**Record extracts**
== Segment start ==

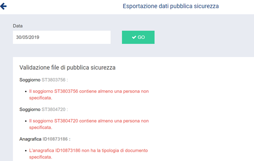 Per esportare il report bisogna inserire la data per la quale voglio estrarre i dati della Pubblica Sicurezza.
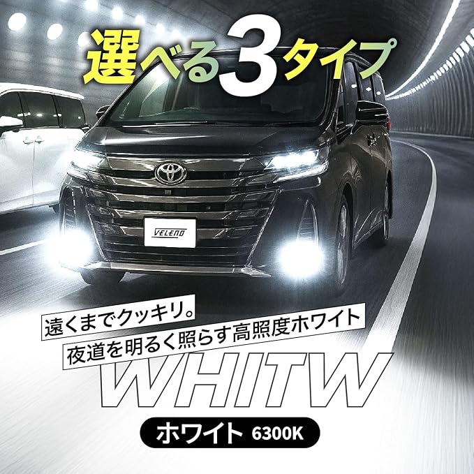 VELENO LEDフォグランプユニット Tタイプ ホワイト 爆光・ゼログレア設計 配光 高照射力 純正比24倍の明るさ 対向車に眩しくない光 アルファード ヴェルファイア 30系 対応 12V 車検対応 f042
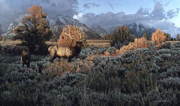 In the late fall, a bull elk (wapiti) leads his harem down from their summer feeding range. Some in the herd feed while the others are on alert, perhaps seeing or hearing something. The warm glow of the morning sun is breaking up the shadows that have been protecting the herd and the elk will likely return to the shadows and thicker woods as the day progresses. But for these few moments, their splendor is enhanced by the first rays of the morning sun. - Rod Frederick
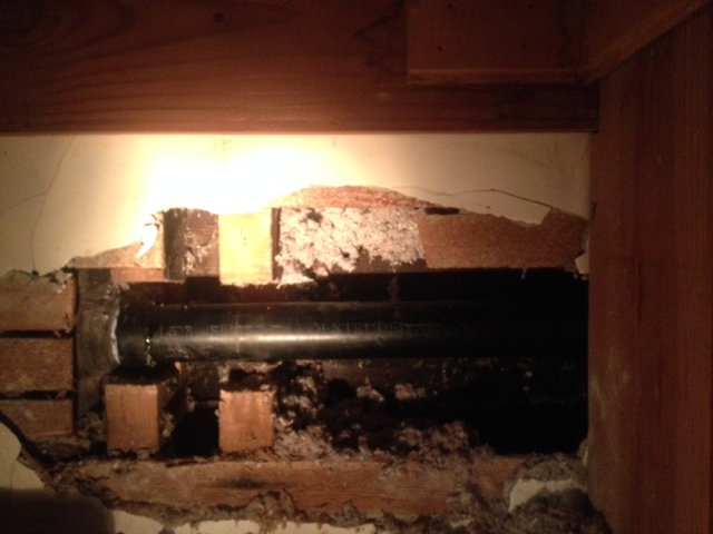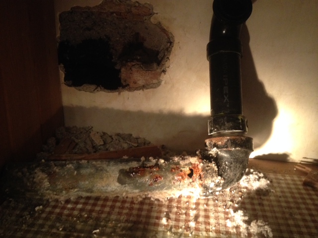 - steel waste arm leaking into wall
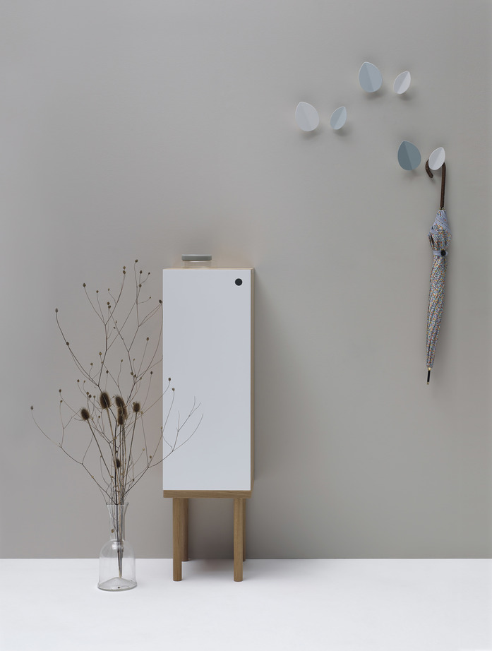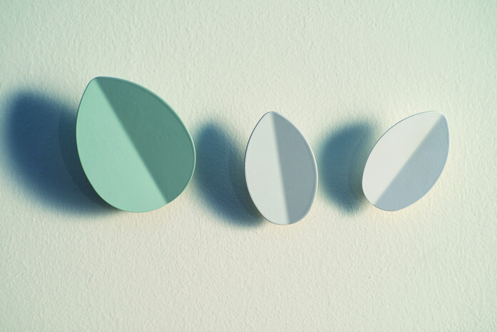 Leaf is a series of coat-hooks inspired by the movement of leaves of a tree. Clothes or other objects can be hung from them or clamped behind them. Leaf are available in two different sizes, white or coloured version.

== Segment end ==

Please reproduce the entries from above exactly; images are not part of the copy.

 Per esportare il report bisogna inserire la data per la quale voglio estrarre i dati della Pubblica Sicurezza.
 VELENO LEDフォグランプユニット Tタイプ ホワイト 爆光・ゼログレア設計 配光 高照射力 純正比24倍の明るさ 対向車に眩しくない光 アルファード ヴェルファイア 30系 対応 12V 車検対応 f042
 In the late fall, a bull elk (wapiti) leads his harem down from their summer feeding range. Some in the herd feed while the others are on alert, perhaps seeing or hearing something. The warm glow of the morning sun is breaking up the shadows that have been protecting the herd and the elk will likely return to the shadows and thicker woods as the day progresses. But for these few moments, their splendor is enhanced by the first rays of the morning sun. - Rod Frederick
 - steel waste arm leaking into wall
 Leaf is a series of coat-hooks inspired by the movement of leaves of a tree. Clothes or other objects can be hung from them or clamped behind them. Leaf are available in two different sizes, white or coloured version.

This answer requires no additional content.